Why is math so hard for so many U.S. children?

Some of this is about social pressure. Kids take in the messages that they hear from society about math. It’s common to hear messages like, “Oh, I’m not good in math” from friends or, from adults, “It’s OK not to be good in math; you’ll find something else to do.” Whereas in many other countries, math is seen as a prerequisite to a good life, and the understanding that even if it is a hard thing, you’re going to invest in it, and you’re going to do well.

Also, for many kids, math feels very foreign. They don’t see people like them doing math, and what happens in their math classroom doesn’t connect to their own interests and knowledge. Recently, scholars in my field have begun to think about how to revise curriculum materials so that they feature, for instance, mathematicians from other cultures or successful doers of math that look like the kids that are learning math.

Finally, we’ve moved away from giving students opportunities to practice the mathematics they’ve learned in class. This move comes from two sources: curriculum materials whose lessons contain little time for practice, and recent homework bans. Many of the homework bans are predicated on concerns about children’s unequal access to caregiver support for homework as well as concerns that some schools assign too much homework. But for a content area like math, it matters that kids have a chance to practice what they’ve learned in class.

How can the U.S. education system help students improve their math scores?

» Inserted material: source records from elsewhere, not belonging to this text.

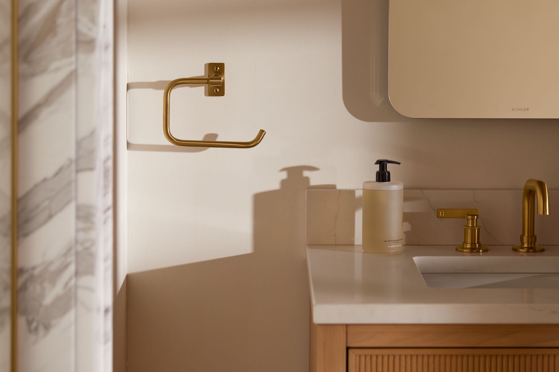 Drawing inspiration from the archives, the Castia bathroom faucet and accessory collection from Kohler x Studio McGee combines classic and modern influences in a timeless expression for the home. Crafted with meticulous attention to detail, the bathroom accessories showcase stacked connection points in a subtle homage to the raw beauty of pipe fittings. Ever versatile, the Castia collection effortlessly harmonizes with a variety of environments.
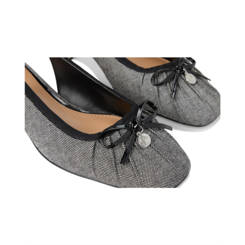 Move better and smarter wearing the Donald Pliner Darah. Crafted from ruched leather upper, lining, and insole, this pair of sandals features square toe, feminine bow and DP charm ornament, and block heel with electroplated detail.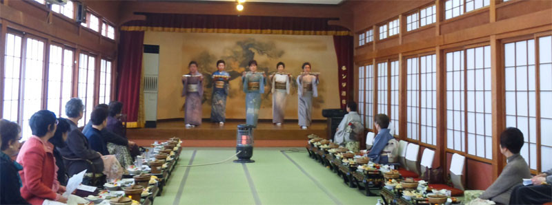 お座敷にお膳。ステージには和服で魅力的な女性の皆様の舞踊。週に2回稽古を重ねているとのこと。こんなにいい思いをさせて頂いていいのだろうか。
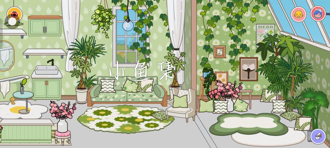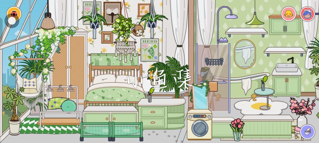 我把左边弄成了卧室,卫生间和休息的客厅在一个地方,楼梯间放了一些花族装饰,总体来说很清新挺好看的,可以给大家作为参考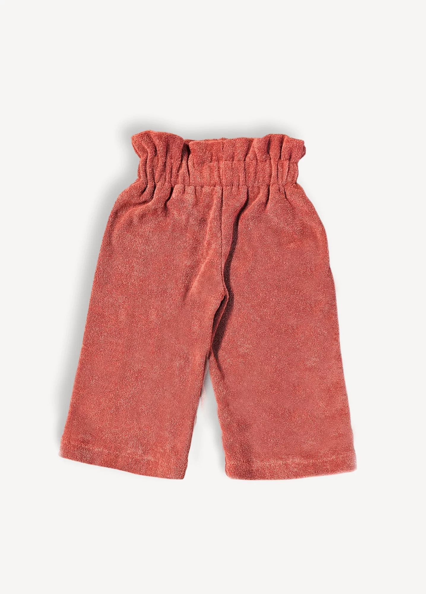 On vous propose un pantalon en éponge brique taille haute, élastique, facile à enfiler et aussi confortable qu’un pyjama, pour explorer le monde en toute circonstance!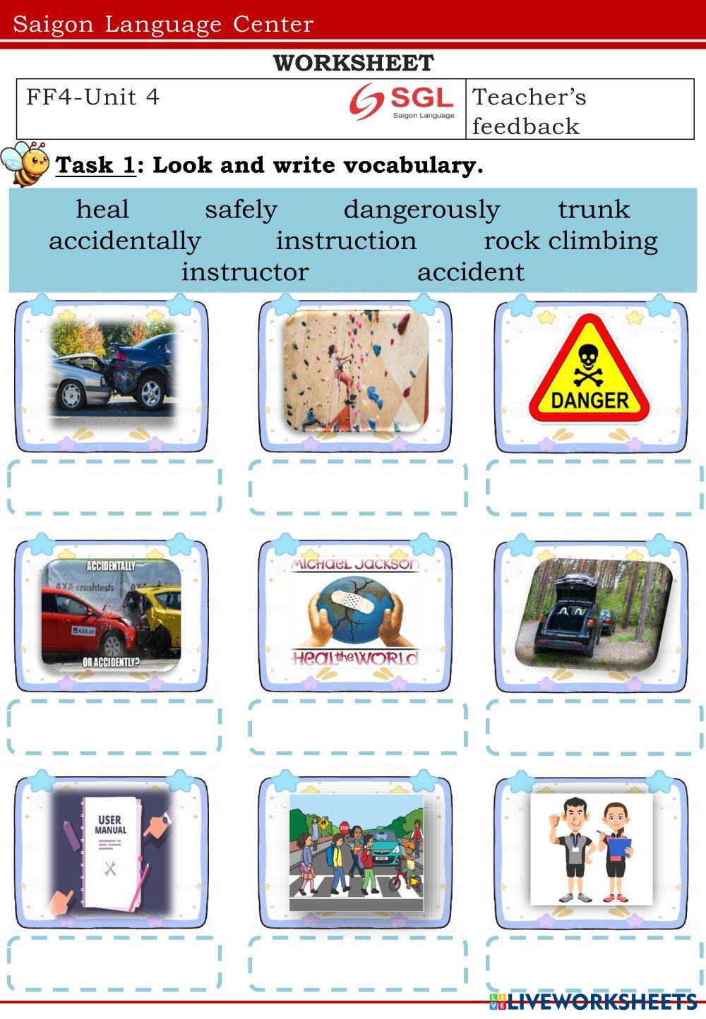 Created by Icy2002 English Language Middle School 7th grade Vocabulary English Author's Instructions Vocabulary and Listening My Google Classroom Courses × 0 classes selected (0 students total) Quick Access Select all classes (0 classes) All Classes Loading courses... Cancel Share Share to selected Course __COURSE_NAME__ __STUDENT_NAME__ (__STUDENT_EMAIL__) FF4-Unit 4 Download Worksheet Validation Check my answers Emails my answers to my teacher Full name Group/level School subject Teacher's email or key code Close Submit Validating worksheet... (12) Your answers have been sent to your teacher. Good luck! OK We encountered an error submitting your answers. Please try again. OK Advertisement | Go Ad Free Created by Icy2002 English Language Middle School 7th grade Vocabulary English Author's Instructions Vocabulary and Listening Explore Worksheets My Daily Routine English Language 7th grade My Daily Routine Vocabulary - English Language Read each exercise carefully. Complete the worksheet by following the directions in every section. Type your answers in the spaces provided. Check your answers before submitting. Ficha en Francés de LOS DIAS DE LA SEMANA English Language 7th grade Ficha en Francés de LOS DIAS DE LA SEMANA Vocabulary - English Language Haz la ficha, y te ayudara a repasar los dias de la semana en Francés Review Mid-term Test English Language 7th grade Review Mid-term Test Vocabulary - English Language Practicing (Review) Phonetics English Language 7th grade (Review) Phonetics Vocabulary - English Language Practicing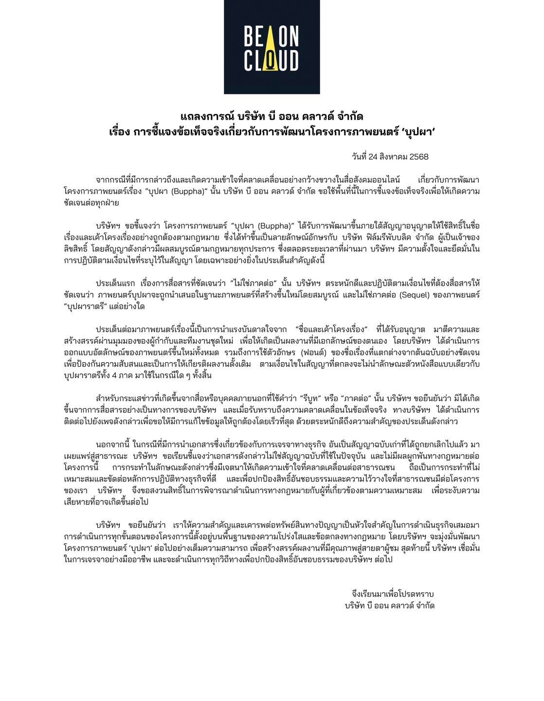“แถลงการณ์ บริษัท บี ออน คลาวด์ จํากัด เรื่อง การชี้แจงข้อเท็จจริงเกี่ยวกับการพัฒนาโครงการภาพยนตร์ 'บุปผา’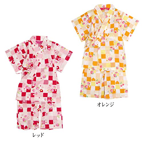 甚平 ベビー 女の子 綿100% いちご柄 じんべい スーツ上下 祭 子供甚平 オレンジ 90cm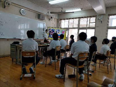 中学生の英語で全員集まって英語によるプレゼンテーションを発表しあいました。自己紹介や自分の夢、また社会問題に対する提案まで、パワーポイントを使ってしっかり発表していました。公開授業ということで、学園の先生方にもみていただき、嬉しそうでした。英語で人前で発表することをこれからもどんどん増やしていってほしいものです。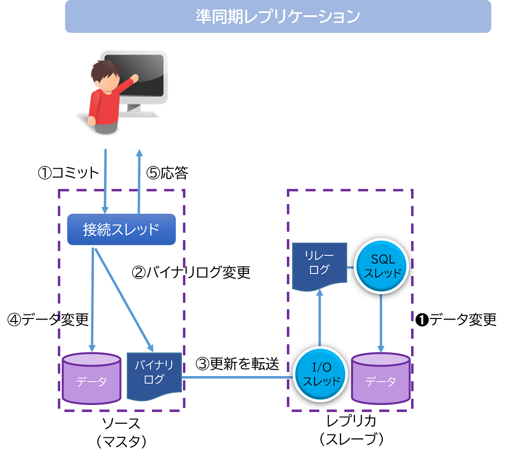 非同期レプリケーションは、応答性能は準同期レプリケーションより高速に処理できますが、ソース(マスタ)の更新内容を転送するのがトランザクション外であるため、ソース(マスタ)障害のタイミングによってはデータをロストする可能性があります。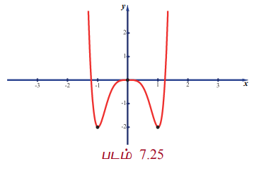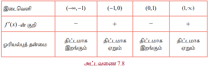 f" (-1) மற்றும் f"(1) ஆகியவை மிகை. ஆகவே இரண்டாம் வகைக்கெழு சோதனையின்படி, x = -1,1-ல் இடஞ்சார்ந்த சிறும மதிப்புகள் இருக்கும். ஆனால், x = 0 எனில், f"(0) = 0. x = 0 -ல் இரண்டாம் வகைக்கெழுச் சோதனையானது இடஞ்சார்ந்த அறுதி மதிப்புகளைப் பற்றி எந்த தகவலையும் தருவதில்லை. எனவே, நாம் முதலாம் வகைக்கெழு சோதனையை பயன்படுத்த வேண்டும். ஓரியல்புத்தன்மை இடைவெளிகள் அட்டவணை 7.8-ல் அட்டவணைப்படுத்தப்பட்டுள்ளது.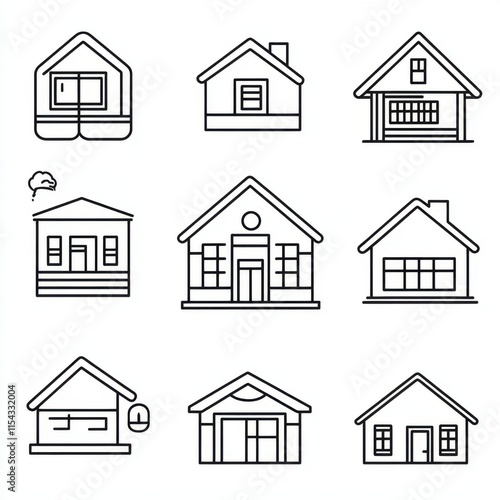 A variety of house icons showcasing diverse architectural styles in a minimalist line art design.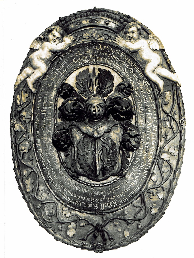 „Der Hochedelgeborene Gestrenge, veste und Mannhafte Herr Hans Christian von Röbell seiner Churfürstl. Durchlaucht weilandt wohl verordter Commissaris des Niederbarnimschen Kreises Erbherr auf: Hohenschönhausen, Wartenberg und Buchholz ist geboren; Ao. 1603 den frytag nach Exaudi durch einen sanften, Seeligen todt aus der Welt gerufen den Ostermontag den 24ten April in diesem laufenden 1671 Jahr. Nachdem er es gebracht auf 67 Jahr 10 Monate 15 Tage. Gott wolle ihm geben hie in der Erden eine gute Ruhe am Jüngstentage eine Fröhliche Auferstehung.“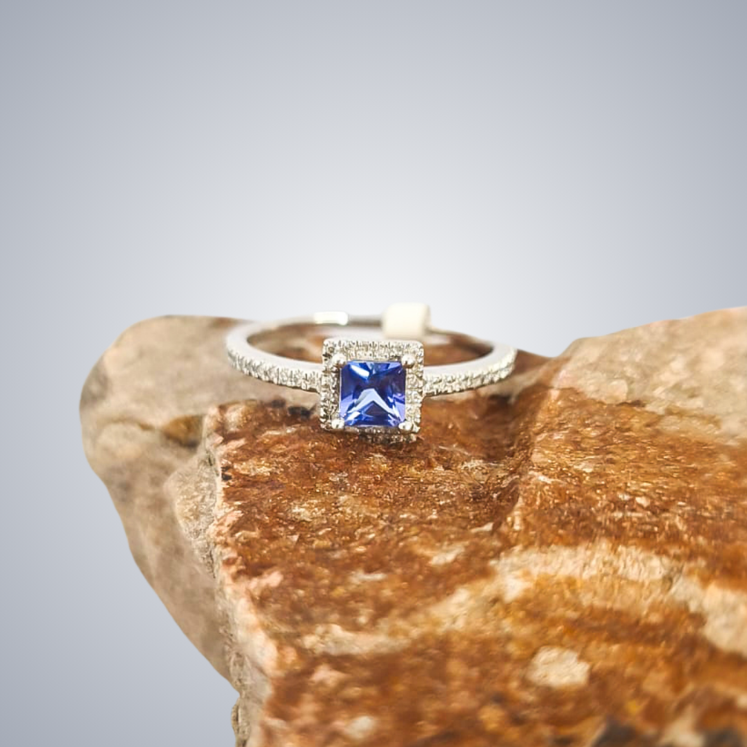 0.39ct Tanzanite Princess Cut with Diamond Halo Ring in 9ct White Gold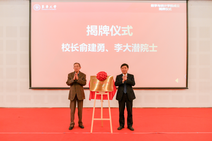 (俞建勇与李大潜共同为数学与统计学院成立揭牌)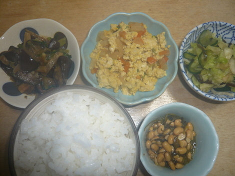 、めかぶ納豆、昆布一夜漬け、ご飯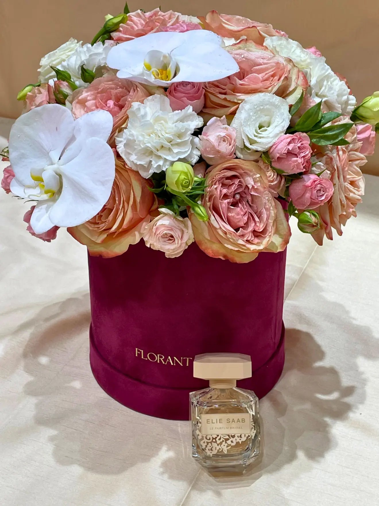 A luxurious Valentine’s Day flower arrangement featuring 3 delicate ranunculus, 15 elegant roses, 3 exquisite phalaenopsis orchids, and 8 charming baby roses. Paired with an Elie Saab fragrance, this stunning gift embodies romance, elegance, and sophistication, making it the perfect gesture for your loved one.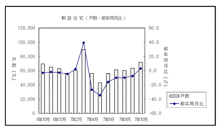 2025年10月の新設住宅着工戸数は7カ月ぶりの増加に転じたことが、国土交通省の着工統計調査で明らかになった。

One thing that could help is changing the narrative about mathematics from one that says, “It’s OK if you don’t do well in math” to one that says, “If you work hard, you’re going to learn math because it’s logical and there is help.” There are ways everybody can learn math.

Working on teacher-student relationships can, maybe surprisingly, assist with math learning. When teacher-student relationships are strong, they result in better outcomes for kids across the board. In math, one reason may be that teachers can more easily engage kids in the work.

There’s such a scarcity of math teachers, which is driving some of the instructional quality issues. We have teachers who don’t have a background in math teaching math, and we also have folks without a background in teaching or math teaching math. Solving teacher pipeline issues is also key.

Kids’ primary pathway to learning math is in school, and the only way to improve math instruction is through the constant improvement of what happens between teachers and students. This means continuing to work on the quality of curriculum materials and engineering ways to enhance instruction.